**What is needed:** Copy nothing but the lines from the opening of the entries through the line that contains "Arianee provides the", exactly as written. Drop the pictures.

(Collected data)
=== Section Start ===

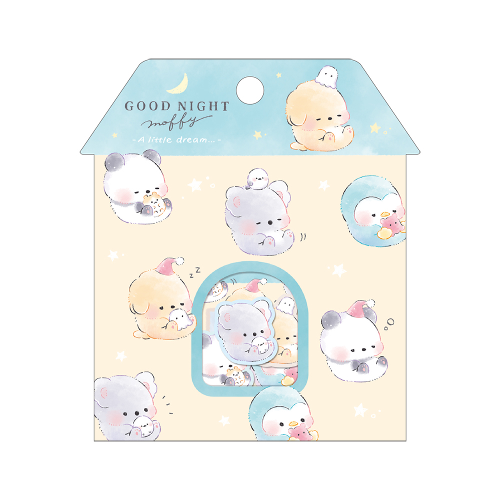 パンダやコアラ、ペンギンたちが眠そうな表情を浮かべてお座りしているシールフレーク「すやすやモフィ」
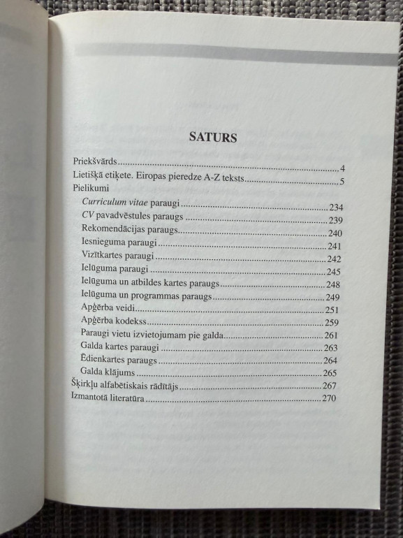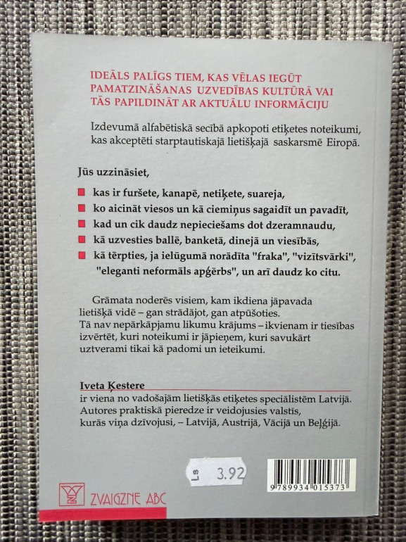 | Grāmata “Lietišķā etiķete. Eiropas pieredze” (Iveta Ķestere) ir praktiska rokasgrāmata par uzvedības un saskarsmes normām biznesa vidē ar Eiropas fokusu — alfabētiski sakārtoti šķirkļi, skaidri padomi un pielikumi ar CV, pavadvēstules, rekomendācijas, ielūguma u. c. paraugiem. | |
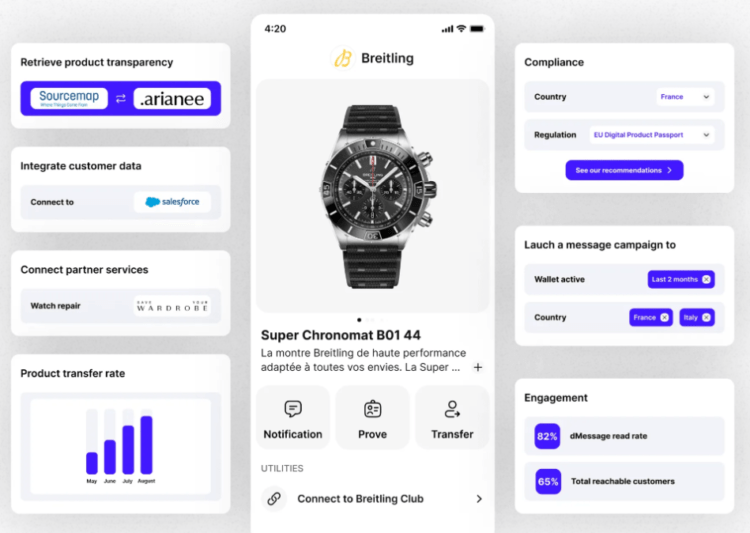Arianee provides the necessary infrastructure for over forty labels, including Breitling, Moncler, Yves Saint Laurent , and Lacoste. On the protocol, luxury watch manufacturers such as Breitling issue digital product passports that provide blockchain-based proof of ownership to their proprietors.
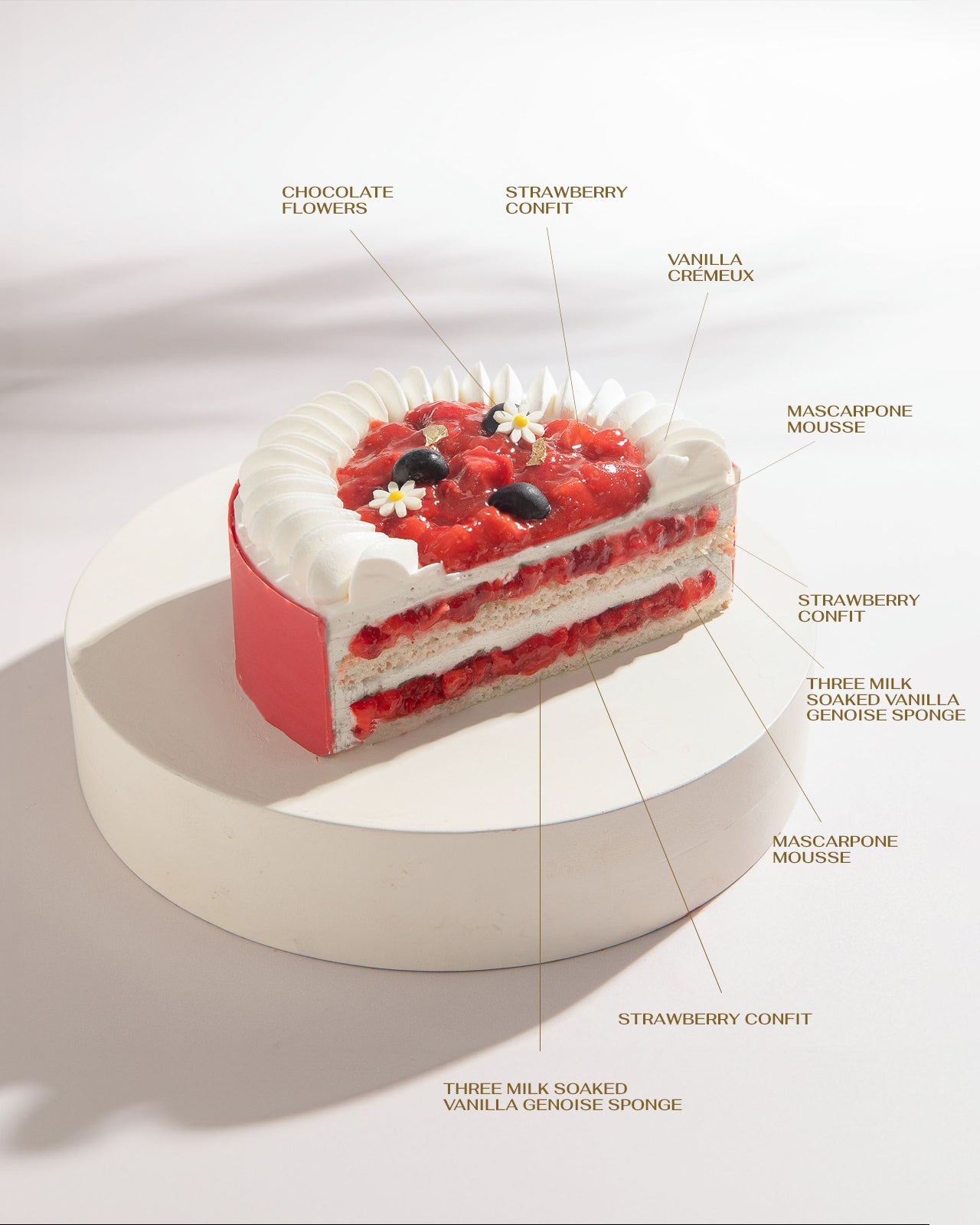 Soft vanilla genoise sponge soaked in 3 types of tresleches milk, layered with strawberry confit and light mascarpone mousse. Built in two layers for extra indulgence and topped with more strawberry confit and vanilla Chantilly. It tastes just like a classic strawberry milkshake—only better, and made to celebrate
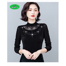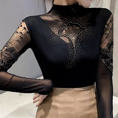 시스루 라인 댄스복 샤이닝 펄 레이스 반짝이 탑 가을과 겨울의 넥 하이 따뜻함 레이스, 블랙, M

=== Section End ===

**Answer to the exercise:**
 パンダやコアラ、ペンギンたちが眠そうな表情を浮かべてお座りしているシールフレーク「すやすやモフィ」
 | Grāmata “Lietišķā etiķete. Eiropas pieredze” (Iveta Ķestere) ir praktiska rokasgrāmata par uzvedības un saskarsmes normām biznesa vidē ar Eiropas fokusu — alfabētiski sakārtoti šķirkļi, skaidri padomi un pielikumi ar CV, pavadvēstules, rekomendācijas, ielūguma u. c. paraugiem. | |
Arianee provides the necessary infrastructure for over forty labels, including Breitling, Moncler, Yves Saint Laurent , and Lacoste. On the protocol, luxury watch manufacturers such as Breitling issue digital product passports that provide blockchain-based proof of ownership to their proprietors.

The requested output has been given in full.